Bu aslında zorunlu olanın kavranıp gönüllü olarak kabulünden başka bir şey değildir. O da şudur: Ben önemliyim fakat ben salt ben ile var olamaz. “Biz”e muhtacım.” Biz” ise bir bedeli gerektirir. Biz gibi davranmam ve ben dışında var olana da ihtimam (önem ve öncelik) göstermem çıkarımadır.
Aslında olan hep budur. Başkaları için yaptığımız her şeyin arkasında bu “beni besleyecek biz” beklentisi vardır.
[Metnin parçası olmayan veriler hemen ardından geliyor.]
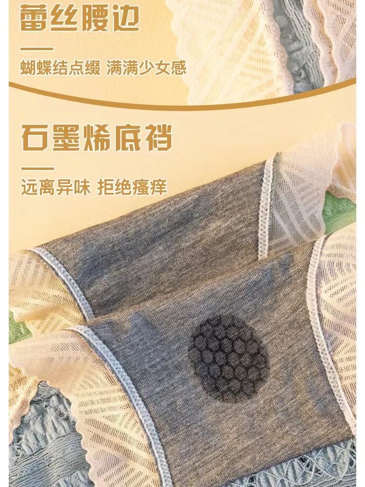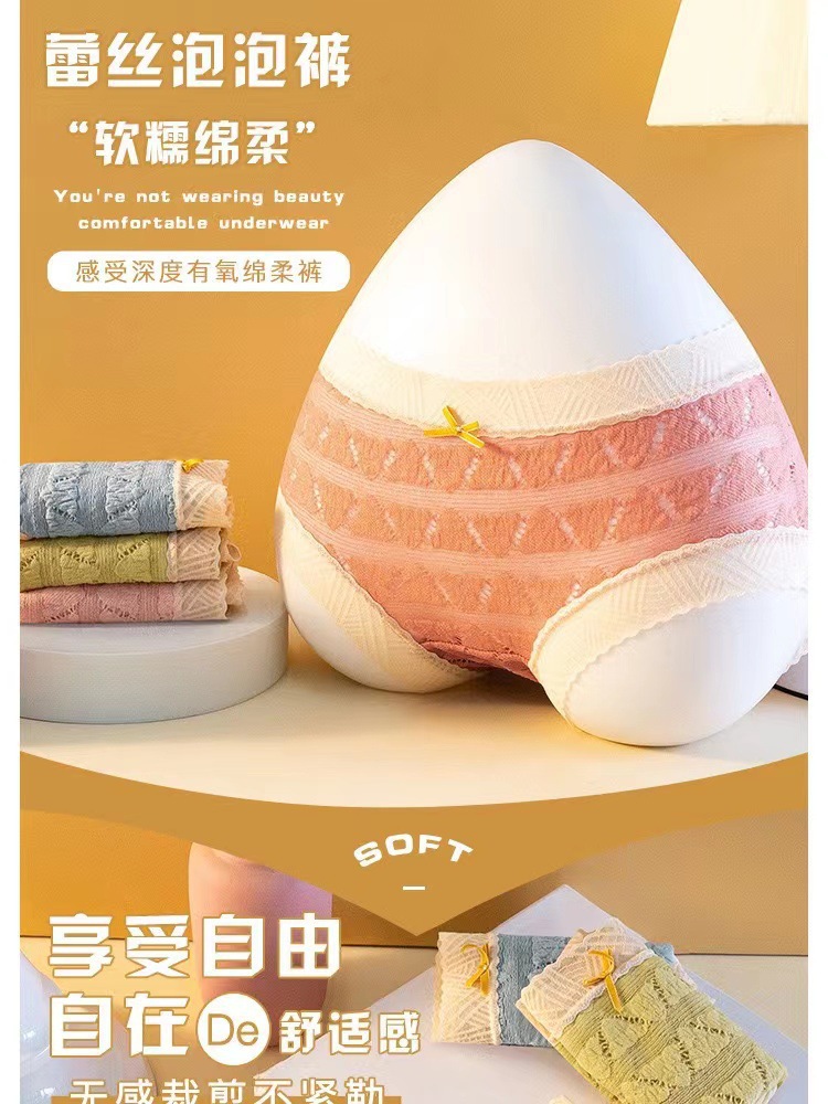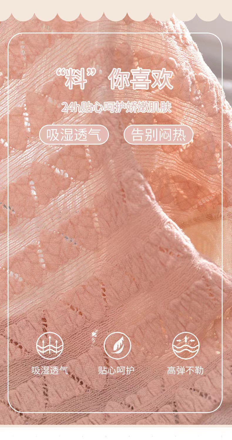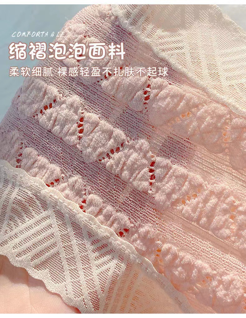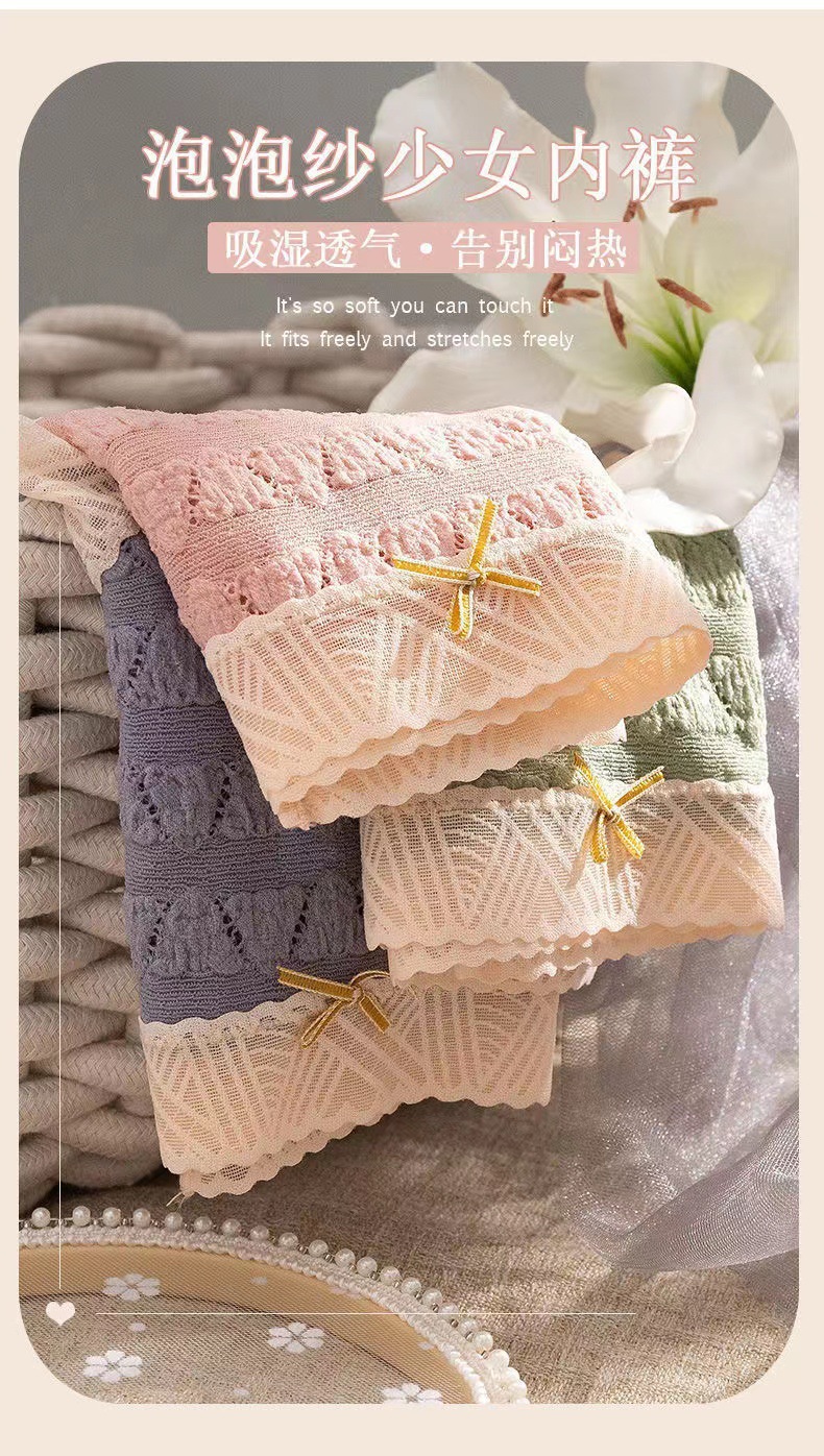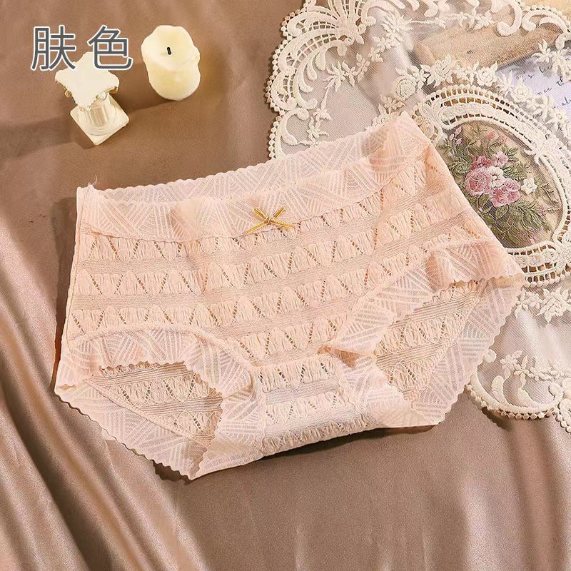 일본식 달콤한 레이스 속옷 여성용 코튼 크로 치 보우 Traceless 프랑스 통기성 중간 허리 브리프 학생 여학생스토어 가기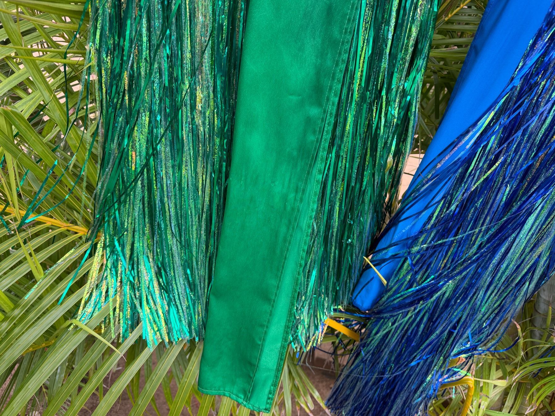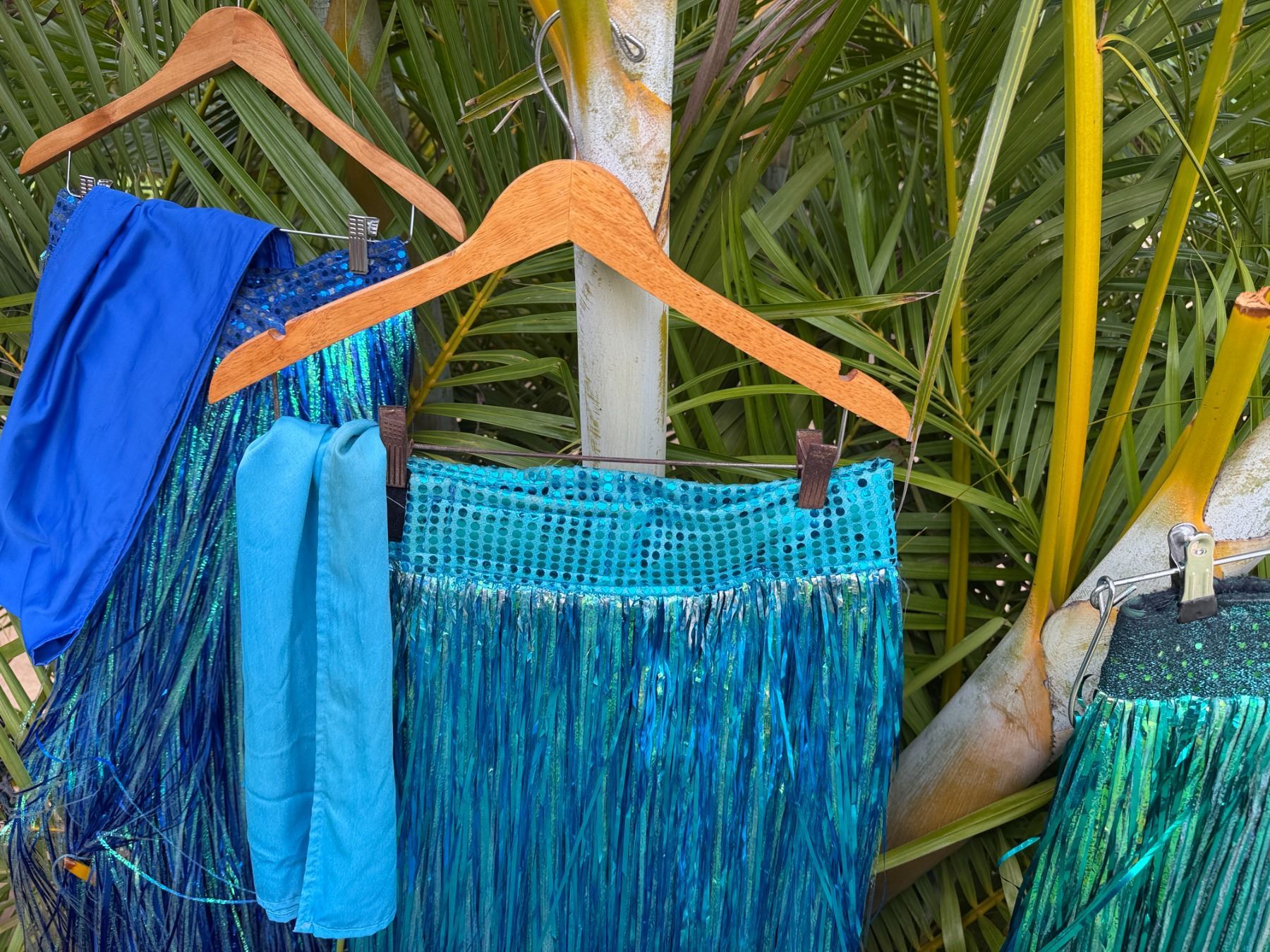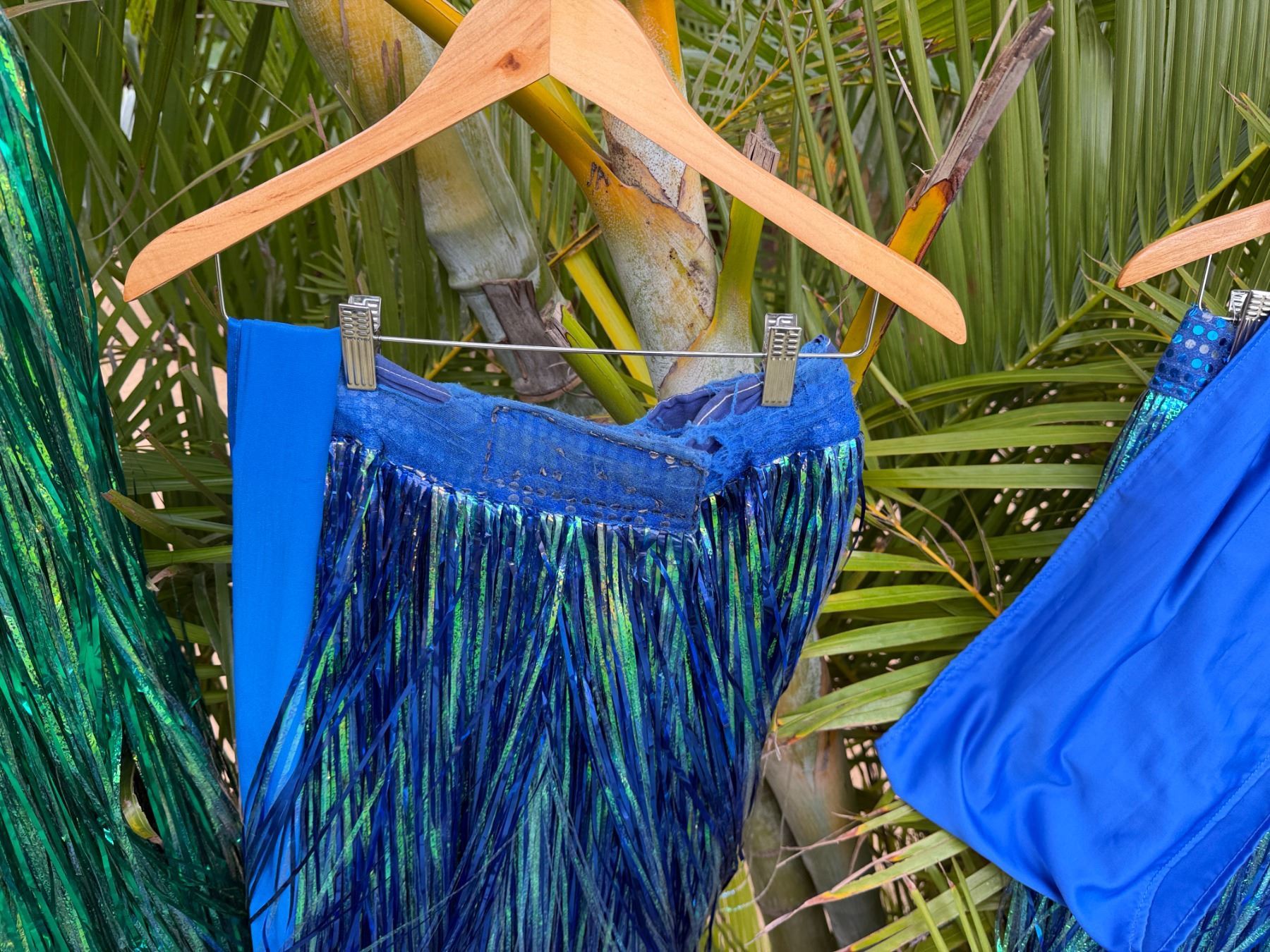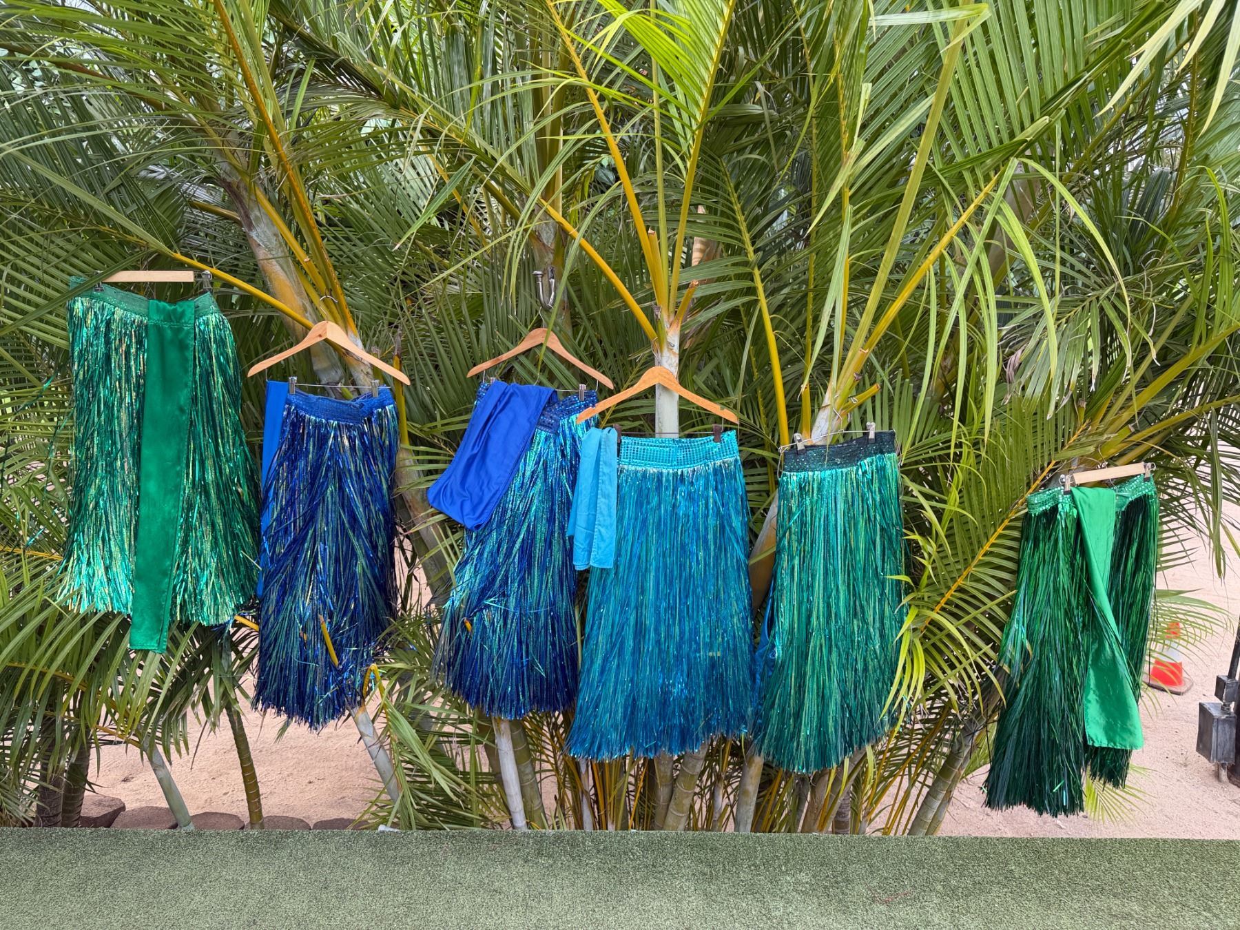 Qty 6 Blue and Green Metallic Artificial Grass Hula Skirts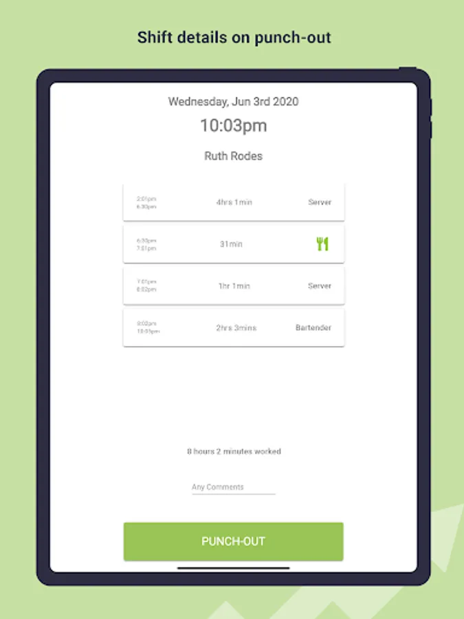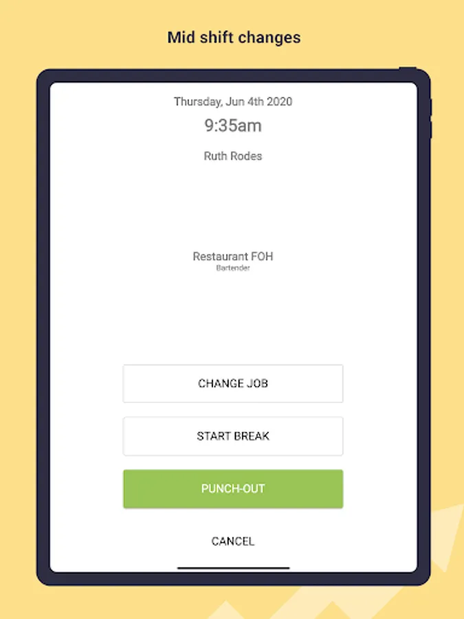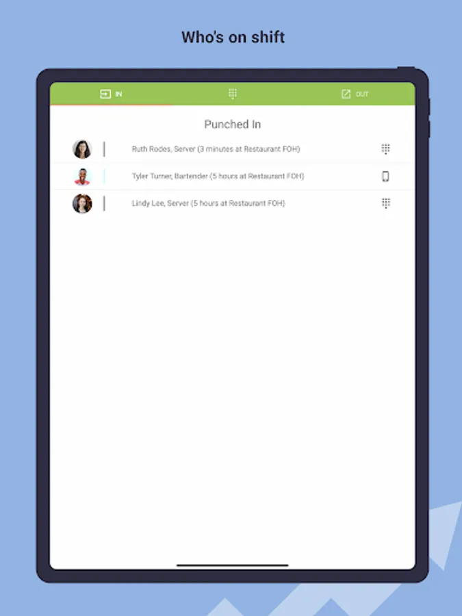 Punch-in & out syncs with Adi phone app, so managers can see who is on shift on the fly from anywhere, and staff can see their time worked information.

Kötü bir şey de değildir.
Sağlaması kolaydır: Başkaları için sanıp yaptığımız bir şeye sürekli neden sorusunu sorduğumuzda ve her seferinde çıkacak cevaba aynı soruyu yönelttiğimizde, neden içerikli sorumuzun anlamsızlaştığı an öncesi son cevap doğru cevaptır.
Neden, neden, neden, neden,neden… Ne ve kim için yaparsak yapalım son sorunun son cevabı bize gelecektir. Bu kimi zaman doğrudan maddi bir menfaat kimi zaman dolaylı bir çıkar kimi zaman ise sadece düşünsel yahut duygusal bir tatminden ibaret olsa da…
Bu o kadar olağan ki; zorunluluğu kavramış her bireyin iradi, kavramamış olanın ise genetik dayatma altında ve evrimsel süreçlerin öğreticiliğinde kendiliğinden yaptığı şeydir.
Bu konuda kendini eğitip zorunluluğu kavrayıp gönüllülüğe evirenler , toplumun bir bütün olarak gelişimine iradi olarak katkı sağlar iken , genetik dayatma sonucu evrimsel süreçlerin baskısı ile ve bilmeden bunu yapanlar ise bazen gel gitler yaşayabilmektedir. Bunların ağırlıklı olduğu toplumlar da öyle gel gitlere fazlasıyla maruz kalabilmektedir.
Zorunluluğu kavramak ve gönüllü yapmak nedir; Acıktığımızda yemek yeme, uykumuz geldiğinde uyumak, çişimiz geldiğinde tuvalete gitmek vb. …Hiç birini zorla yapmayız ancak yapmak zorundayız. Bir yapmayalım da görelim. Zorunlu olan zorunluluğunu koruyarak süreklileştiğinde organizma otomatikman bunu gönüllü defterine kaydeder:
Acıktığımızda zevkle bize yemek yedirten, uykumuz geldiğinde yatağa götüren, çişimiz geldiğinde tuvalete yönelten ve her sonrası bize huzur veren şey bu sıradanlaşmış kavramadır. Başkalarının istediklerini ( dışardan reddettiğimiz bir dayatma olmaksızın ve fakat içimizden gelen bir dayatmaya tabi olarak) yapmak aynı şeydir.
Kaynaklar
- Sinan Canan. (2022). İfa (İnsanın Fabrika Ayarları 1,2,3). Yayınevi: Tuti Kitap. sf: 552.